There's a couple decent points but hook and line vs commercial fishing methods and fish vs mammal management are pretty poor comparisons. I don't think anyone here has pushed for less regulation, they've just pointed out they don't believe more regulation on guides is the solution. I'm not a big fan of guides but if the goal is to reduce harvest I think it should be reduced limits across the board. Even a reduced limit would have more effect on guides/nonresidents as there is no freezer limit for residents.
That’s why I made sure to include that regulation should be at scale. Because it’s not all apples to apples. Which is kind of what the original question is about. I don’t think everyone should bear the burden if a commercial group over exerts a resource. Would you still think this way if guide boats did a 5x and in 10 years and they had to drop the limit of walleyes for everyone to 2 fish because of it? Even just limiting guided fishermen to one over 24” per day would be a massive step in the right direct and have little effect on their business.
There wouldn’t be a 50lb halibut within 50 miles of shore from Anchorage to Ketchikan if there wasn’t stringent restrictions on the commercial sport fishing fleet separate from people in personal craft. Regulations include guided fishermen have a one over/one under size limit, a very low season limit, and it’s closed to commercial use twice a week. None of those regulations apply to people in a person craft. Resident or not. While guided rules apply to both resident and non resident fishermen.The guides embrace the rules because they know the fishery wouldn’t last if that massive fleet was given a free for all. And judging by how many new operations are popping up each year with $250,000 boats and a winter home in Hawaii, they’re doing just fine.

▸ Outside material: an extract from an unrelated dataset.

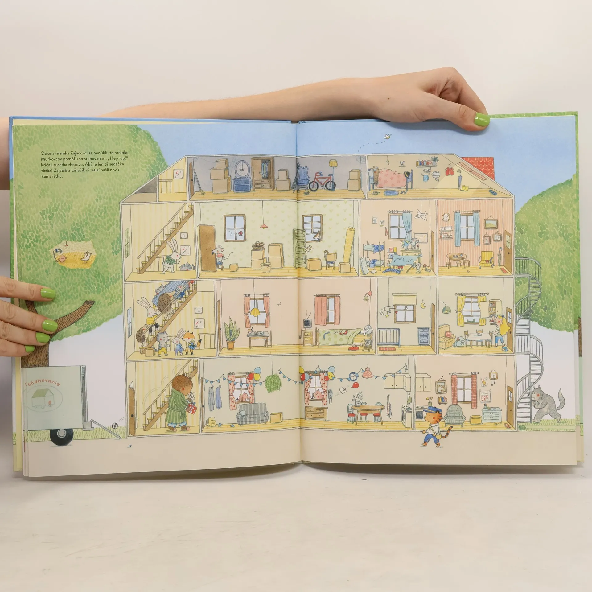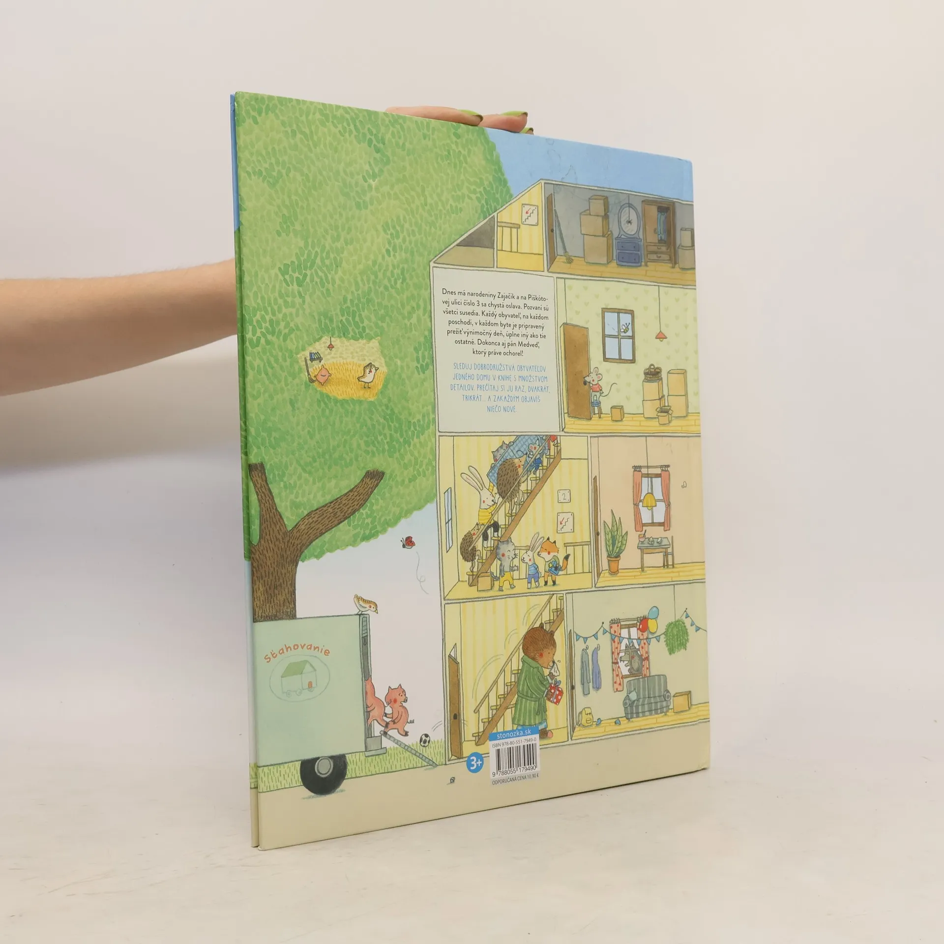 Všímaj si detaily a poskladaj z nich krásny príbeh o zvieratkách. Dnes má narodeniny Zajačik a na Piškótovej ulici číslo 3 sa chystá oslava. Pozvaní sú všetci susedia. Každý obyvateľ, na každom poschodí, v každom byte je pripravený prežiť výnimočný deň, úplne iný ako tie ostatné. Dokonca aj pán Medveď, ktorý práve ochorel! Sleduj dobrodružstvá obyvateľov jedného domu v knihe s množstvom detailov. Prečítaj si ju raz, dvakrát, trikrát... a zakaždým objavíš niečo nové. Pre deti od troch rokov. Z francúzskeho originálu preložila Alica Wursterová.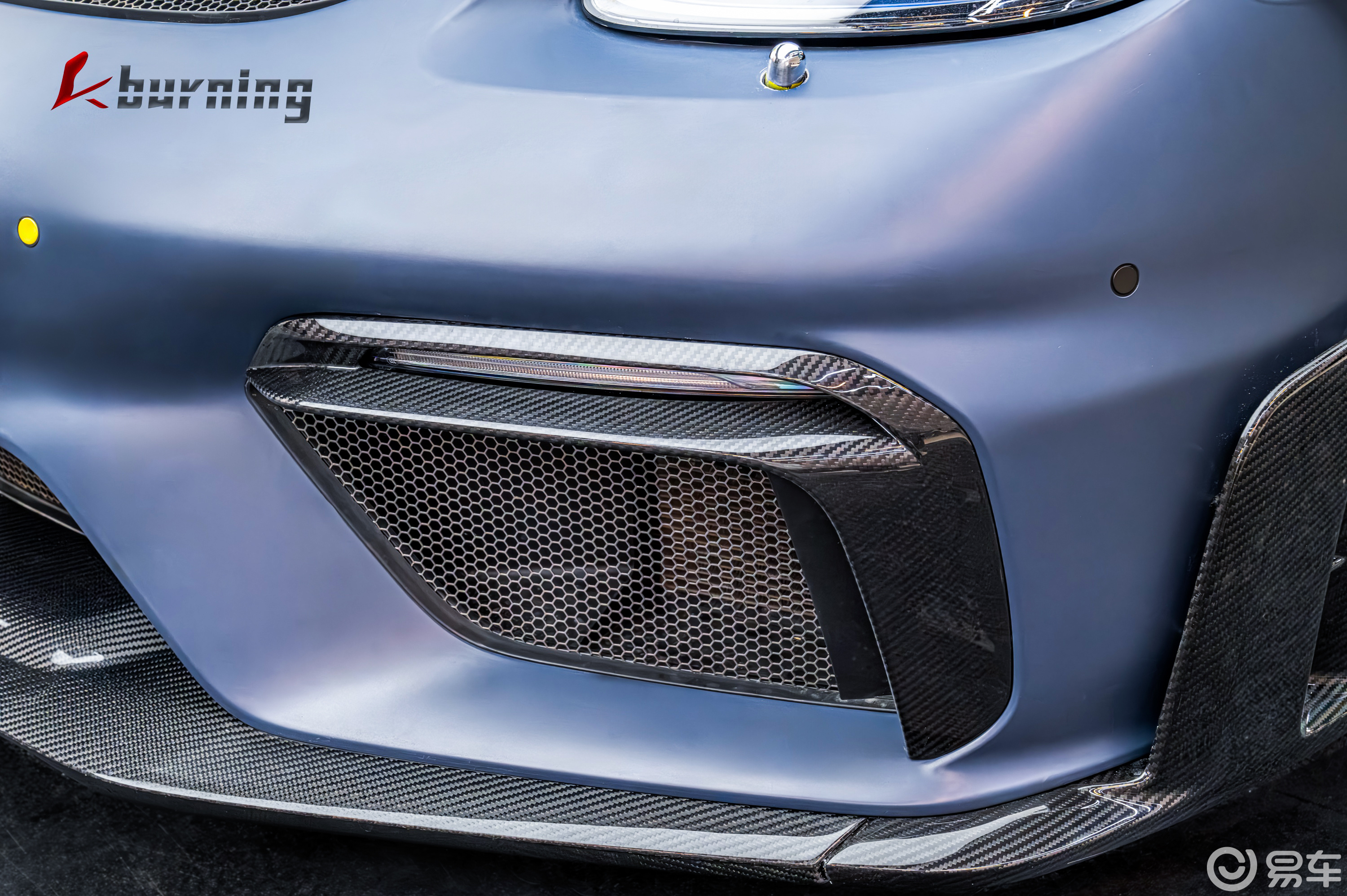 升级后的718GT4 RS 前脸相比原车加大了进气口设计,升级了矩阵款式大灯,前杠两侧的叶子板更大更夸张,战斗气息拉满并设计碳纤维进风口,此外机盖则与991GT3 RS 是同款机盖一眼就能分辨设计。

Touching one a couple other points people made:
I remember very well numerous unnamed perch lakes getting blown up and fished out in the late 90s and early 2000s. Not a guide to be seen and no social media. And still within weeks the place was covered in vehicles from Wisconsin and Minnesota.
For a lake to be managed by the state it just needs public access. That is a simple as having a road/section line running into the lake or the water to be within the public ROW. So just a lake next to a gravel road has public access and can be managed as such. The G&F does summer and winter water quality monitoring at almost every public water body that has historically held fish (it was my job ~15 years ago). They are not going to stock a lake that dies every year. With the cyclical drough conditions over the last few years and the massive nitrogen run off associated with our current agriculture practices, I doubt many of these small lakes have maintained a steady enough dissolved oxygen level year over year to hold fish recently. Big snow years like it sounds like is happening this year sure don’t help either.